Data supplied Start Marker

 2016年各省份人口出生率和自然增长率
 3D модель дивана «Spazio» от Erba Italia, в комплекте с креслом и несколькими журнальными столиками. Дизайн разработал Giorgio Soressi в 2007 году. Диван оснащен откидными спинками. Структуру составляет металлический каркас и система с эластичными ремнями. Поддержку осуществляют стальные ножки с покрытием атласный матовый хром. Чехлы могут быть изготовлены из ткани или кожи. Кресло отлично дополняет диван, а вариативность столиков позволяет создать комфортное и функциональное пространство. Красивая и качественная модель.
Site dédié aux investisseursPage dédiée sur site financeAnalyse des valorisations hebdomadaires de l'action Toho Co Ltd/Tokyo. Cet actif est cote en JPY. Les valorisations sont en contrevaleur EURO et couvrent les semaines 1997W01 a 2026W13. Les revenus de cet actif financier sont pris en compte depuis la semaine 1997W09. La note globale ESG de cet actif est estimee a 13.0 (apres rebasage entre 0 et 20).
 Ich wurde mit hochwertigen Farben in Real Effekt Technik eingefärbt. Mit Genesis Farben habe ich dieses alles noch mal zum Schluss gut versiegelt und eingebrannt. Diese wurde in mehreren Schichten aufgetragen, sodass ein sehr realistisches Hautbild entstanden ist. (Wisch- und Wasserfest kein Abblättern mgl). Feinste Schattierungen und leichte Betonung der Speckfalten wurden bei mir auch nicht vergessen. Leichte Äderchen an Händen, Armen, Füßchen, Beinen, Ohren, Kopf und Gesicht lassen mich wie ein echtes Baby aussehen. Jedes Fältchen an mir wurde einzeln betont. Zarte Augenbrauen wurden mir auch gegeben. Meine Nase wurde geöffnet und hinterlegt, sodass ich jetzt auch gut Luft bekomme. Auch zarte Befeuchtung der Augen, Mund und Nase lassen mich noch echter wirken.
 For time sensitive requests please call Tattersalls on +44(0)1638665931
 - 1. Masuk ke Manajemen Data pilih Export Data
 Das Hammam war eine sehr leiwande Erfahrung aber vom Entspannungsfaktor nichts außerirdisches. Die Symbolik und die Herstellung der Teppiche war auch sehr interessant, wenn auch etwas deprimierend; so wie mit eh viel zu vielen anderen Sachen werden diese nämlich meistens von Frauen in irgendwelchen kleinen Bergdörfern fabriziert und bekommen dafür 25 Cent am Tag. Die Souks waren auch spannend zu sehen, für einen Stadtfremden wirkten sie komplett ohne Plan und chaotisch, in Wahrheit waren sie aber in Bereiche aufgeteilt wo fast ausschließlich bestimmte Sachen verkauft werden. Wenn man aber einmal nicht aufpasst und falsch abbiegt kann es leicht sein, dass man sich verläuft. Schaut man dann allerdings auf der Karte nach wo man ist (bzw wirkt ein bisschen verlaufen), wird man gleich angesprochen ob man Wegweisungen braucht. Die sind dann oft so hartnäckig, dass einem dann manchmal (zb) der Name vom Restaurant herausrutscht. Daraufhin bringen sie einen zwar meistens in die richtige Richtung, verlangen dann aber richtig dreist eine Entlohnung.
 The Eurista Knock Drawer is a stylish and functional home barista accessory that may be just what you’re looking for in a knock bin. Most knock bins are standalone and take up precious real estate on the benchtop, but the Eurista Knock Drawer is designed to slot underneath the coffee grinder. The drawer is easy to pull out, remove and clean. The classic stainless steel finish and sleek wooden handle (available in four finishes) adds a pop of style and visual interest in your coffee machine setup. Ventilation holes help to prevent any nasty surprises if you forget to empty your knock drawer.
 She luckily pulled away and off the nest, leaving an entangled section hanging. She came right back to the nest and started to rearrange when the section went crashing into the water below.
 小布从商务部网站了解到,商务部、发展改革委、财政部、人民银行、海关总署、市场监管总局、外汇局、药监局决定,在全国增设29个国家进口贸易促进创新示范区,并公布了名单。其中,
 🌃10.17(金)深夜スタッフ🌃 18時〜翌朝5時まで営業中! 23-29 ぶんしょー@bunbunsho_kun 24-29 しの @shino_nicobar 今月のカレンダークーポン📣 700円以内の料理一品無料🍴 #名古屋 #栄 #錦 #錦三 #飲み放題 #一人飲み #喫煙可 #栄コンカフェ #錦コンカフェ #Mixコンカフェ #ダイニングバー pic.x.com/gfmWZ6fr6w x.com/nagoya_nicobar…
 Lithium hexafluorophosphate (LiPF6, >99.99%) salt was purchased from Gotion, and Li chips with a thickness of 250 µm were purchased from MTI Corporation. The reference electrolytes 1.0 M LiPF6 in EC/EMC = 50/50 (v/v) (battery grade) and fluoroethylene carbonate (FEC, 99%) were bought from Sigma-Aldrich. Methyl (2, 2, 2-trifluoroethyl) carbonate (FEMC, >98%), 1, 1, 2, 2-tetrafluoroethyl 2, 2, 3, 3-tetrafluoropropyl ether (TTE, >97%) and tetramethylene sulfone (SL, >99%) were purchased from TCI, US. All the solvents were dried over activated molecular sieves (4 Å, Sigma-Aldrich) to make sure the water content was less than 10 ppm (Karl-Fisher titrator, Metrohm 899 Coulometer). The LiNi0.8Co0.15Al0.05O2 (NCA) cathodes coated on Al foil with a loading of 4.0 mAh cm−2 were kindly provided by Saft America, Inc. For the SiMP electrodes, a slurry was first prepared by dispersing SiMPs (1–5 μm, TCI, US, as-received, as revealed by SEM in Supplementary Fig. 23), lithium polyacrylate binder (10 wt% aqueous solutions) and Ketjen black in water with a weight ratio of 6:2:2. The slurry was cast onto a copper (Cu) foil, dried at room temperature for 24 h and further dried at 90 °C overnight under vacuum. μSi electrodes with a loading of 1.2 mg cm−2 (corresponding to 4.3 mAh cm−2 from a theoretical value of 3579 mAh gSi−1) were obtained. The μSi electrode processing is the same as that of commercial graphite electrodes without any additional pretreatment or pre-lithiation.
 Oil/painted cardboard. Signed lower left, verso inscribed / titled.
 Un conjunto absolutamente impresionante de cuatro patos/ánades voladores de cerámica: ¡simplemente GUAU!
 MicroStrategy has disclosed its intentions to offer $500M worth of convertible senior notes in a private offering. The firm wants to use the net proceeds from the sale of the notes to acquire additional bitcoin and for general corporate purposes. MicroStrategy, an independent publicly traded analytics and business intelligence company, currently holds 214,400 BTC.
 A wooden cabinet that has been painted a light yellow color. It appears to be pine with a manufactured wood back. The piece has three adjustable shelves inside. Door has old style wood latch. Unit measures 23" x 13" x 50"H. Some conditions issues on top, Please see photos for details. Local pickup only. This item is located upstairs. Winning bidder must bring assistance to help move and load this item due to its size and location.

Data supplied End Marker

Task to carry out | Sift through the material above and copy each line that holds "help".

Written response |
 The Eurista Knock Drawer is a stylish and functional home barista accessory that may be just what you’re looking for in a knock bin. Most knock bins are standalone and take up precious real estate on the benchtop, but the Eurista Knock Drawer is designed to slot underneath the coffee grinder. The drawer is easy to pull out, remove and clean. The classic stainless steel finish and sleek wooden handle (available in four finishes) adds a pop of style and visual interest in your coffee machine setup. Ventilation holes help to prevent any nasty surprises if you forget to empty your knock drawer.
 A wooden cabinet that has been painted a light yellow color. It appears to be pine with a manufactured wood back. The piece has three adjustable shelves inside. Door has old style wood latch. Unit measures 23" x 13" x 50"H. Some conditions issues on top, Please see photos for details. Local pickup only. This item is located upstairs. Winning bidder must bring assistance to help move and load this item due to its size and location.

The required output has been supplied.